- **WHAT YOU SHOULD DO**
Without any pictures, print exactly the lines that run from the start of the data through the line containing "Alabama and Georgia".

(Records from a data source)
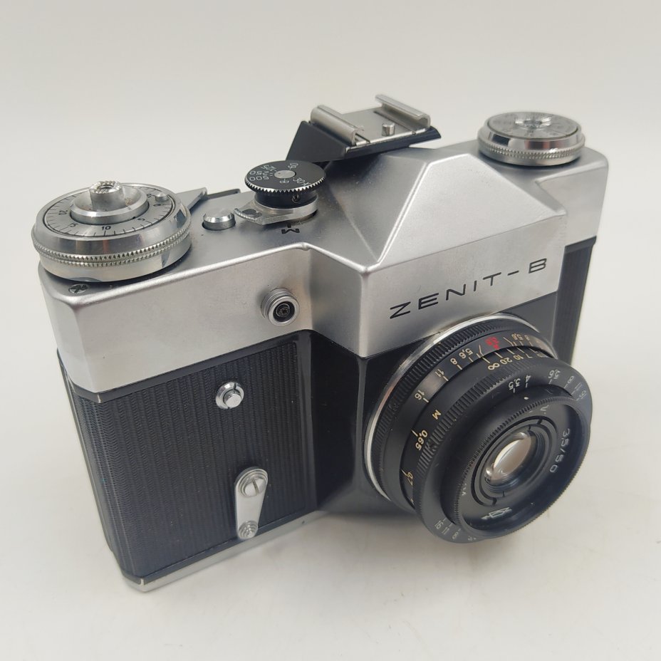 Фотоаппарат "Зенит-В" с объективом "Индустар-50" в оригинальном кофре, металл, пластик, кожа, стекло, Красногорский механический завод (КМЗ), СССР, 1968-1978 гг.
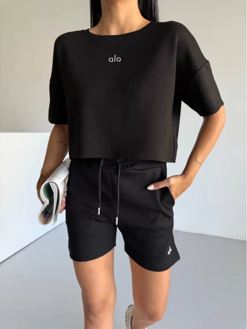 Siyah Alo Yoga Modal Crop Şortlu Takım
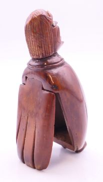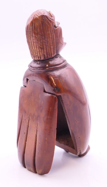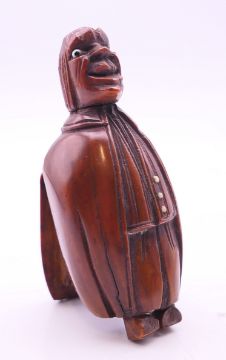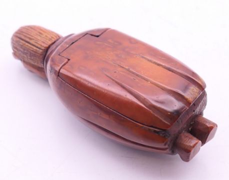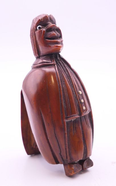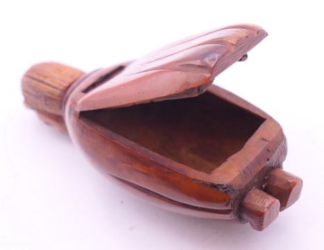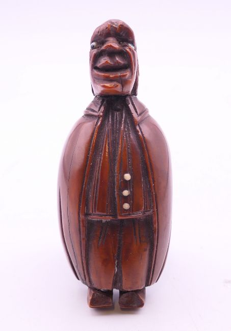 A carved coquilla nut figural snuff box. 8.5 cm high.
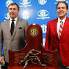 Alabama and Georgia set for inevitable title game ATLANTA • Nick Saban and Kirby Smart posed stiffly behind the trophy, forcing smiles for the cameras. Saban whispered something in his former assistant's ear, drawing a bit of a chuckle.
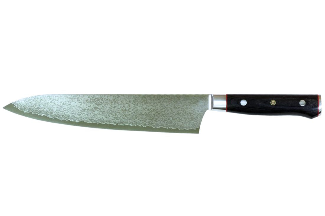 Nos couteaux de cuisine Zanmai Classic Pro sont conçus pour être performants. Son allure époustouflante et ses caractéristiques de qualité supérieure témoignent de ce que la coutellerie japonaise a de mieux à offrir. Fabriqué à Seki, au Japon, Mcusta associe la technologie moderne à l'artisanat japonais traditionnel pour produire des couteaux de qualité sur mesure finis à la main. Ce couteau mesure 38cm de long et comporte une lame damassée VG-10 avec un manche en bois de Pakka noir.
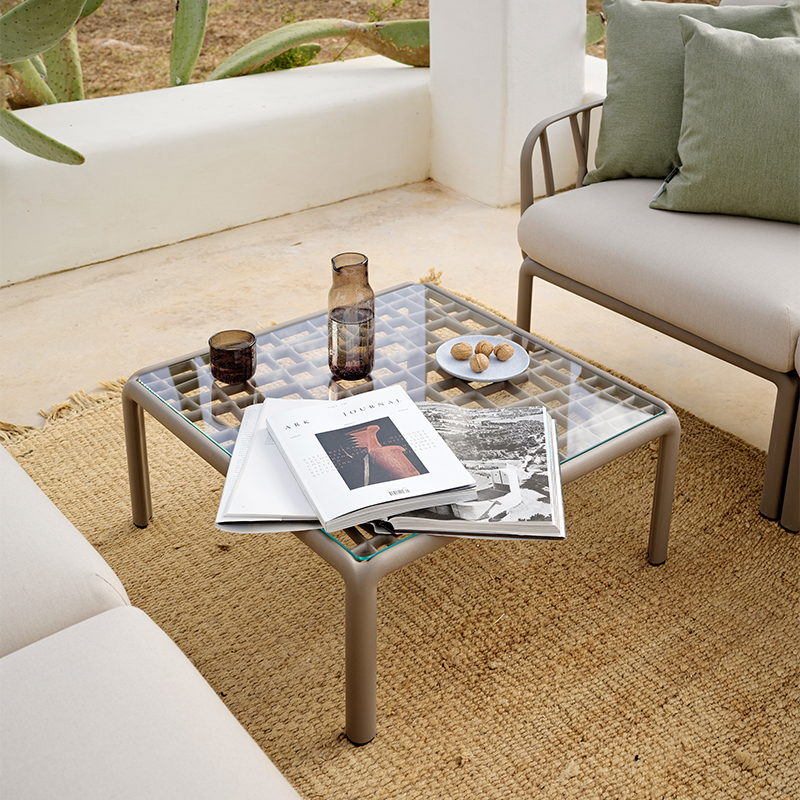 來自 Komodo 戶外家具模組化座椅系列的元素。這是一款大而實用的邊桌,配有玻璃或玻璃纖維樹脂桌面。也可單獨購買。
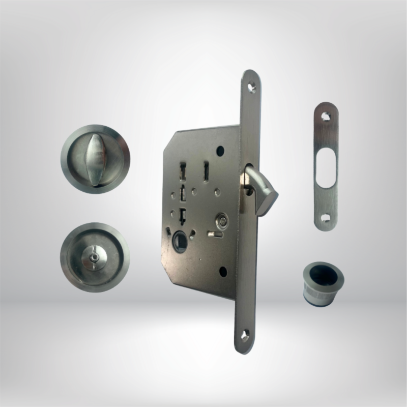Serrure porte coulissante à crochet - Axe 50mm - Rosaces rondes condamnation + tire-doigts + gache
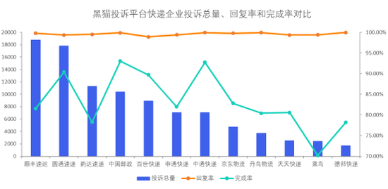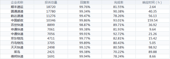 快递企业投诉数据对比:中国邮政、中通快递、圆通速递投诉完成率较高
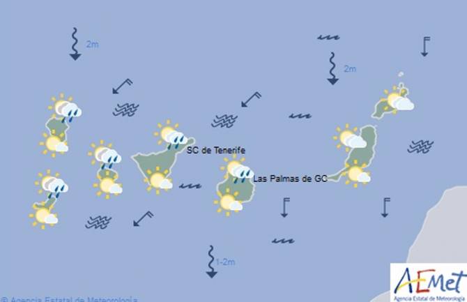 Viento del nordeste, con intervalos de fuerte en extremos noroeste y sudeste, así como en medianías y zonas altas, donde no se descartan rachas que localmente puedan superar los 50 a 60 km/h. Brisas en el litoral suroeste.
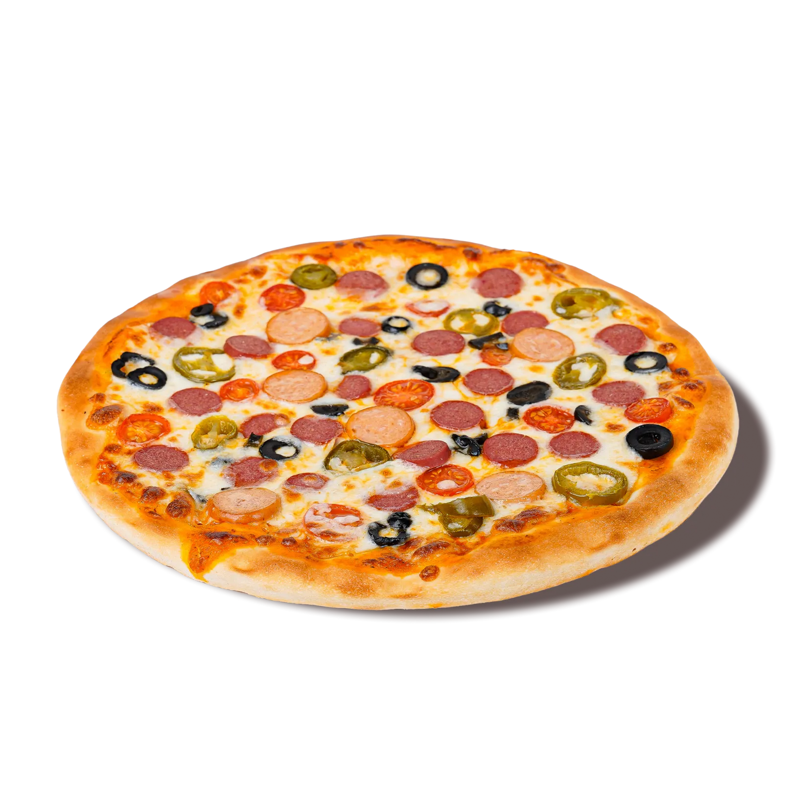 Turn up the heat! A cheesy base with smoky hotdog slices, fresh cherry tomatoes, black olives, and fiery jalapeños, all layered over rich pizza sauce and melty mozzarella. A bold twist on classic comfort
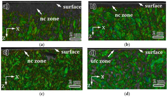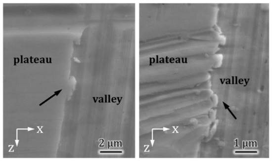 In order to properly analyze such near- or sub-surface structures one has to distinguish between either amorphous, nanocrystalline and/or chaotic surface layers and the underlying strain gradient, which is generated by the accumulation of cyclic plastic strains [17,18]. In contrast to this, the tribomaterial appears like a shear band [19], which is caused by monotonic stresses and strains similar, but not equal, to what is known from severe plastic deformation [45] (Figure 12). However, despite the intensive research of the last 70 years any direct or even quantitative relation to the so-called elementary processes like, e.g., the generation of lattice defects is still missing.
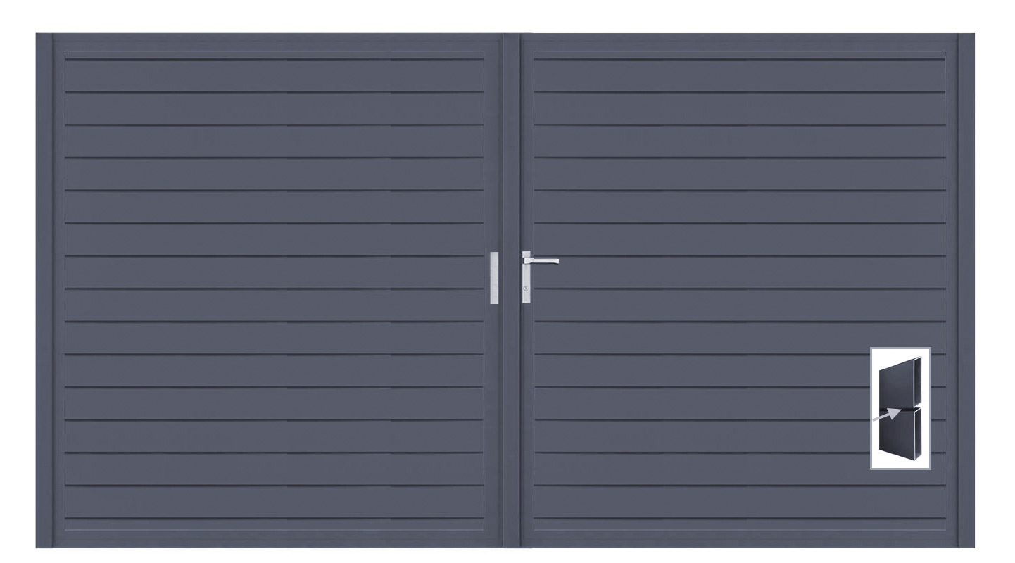 Damit ist ein zweiflügeliges Einfahrtstor mit einem schmalen und einem breiten Flügel gemeint. Der schmale Flügel dient als Durchgang für Fußgänger, ohne dass das gesamte Tor geöffnet wird. Wenn ein Auto durchfahren soll, öffnen Sie beide Flügel und nutzen die volle Breite. Sie finden diese Aufteilung zum Beispiel bei VARIO trend und VARIO plus.

- **RESULT OF THE TASK**
 Фотоаппарат "Зенит-В" с объективом "Индустар-50" в оригинальном кофре, металл, пластик, кожа, стекло, Красногорский механический завод (КМЗ), СССР, 1968-1978 гг.
 Siyah Alo Yoga Modal Crop Şortlu Takım
 A carved coquilla nut figural snuff box. 8.5 cm high.
 Alabama and Georgia set for inevitable title game ATLANTA • Nick Saban and Kirby Smart posed stiffly behind the trophy, forcing smiles for the cameras. Saban whispered something in his former assistant's ear, drawing a bit of a chuckle.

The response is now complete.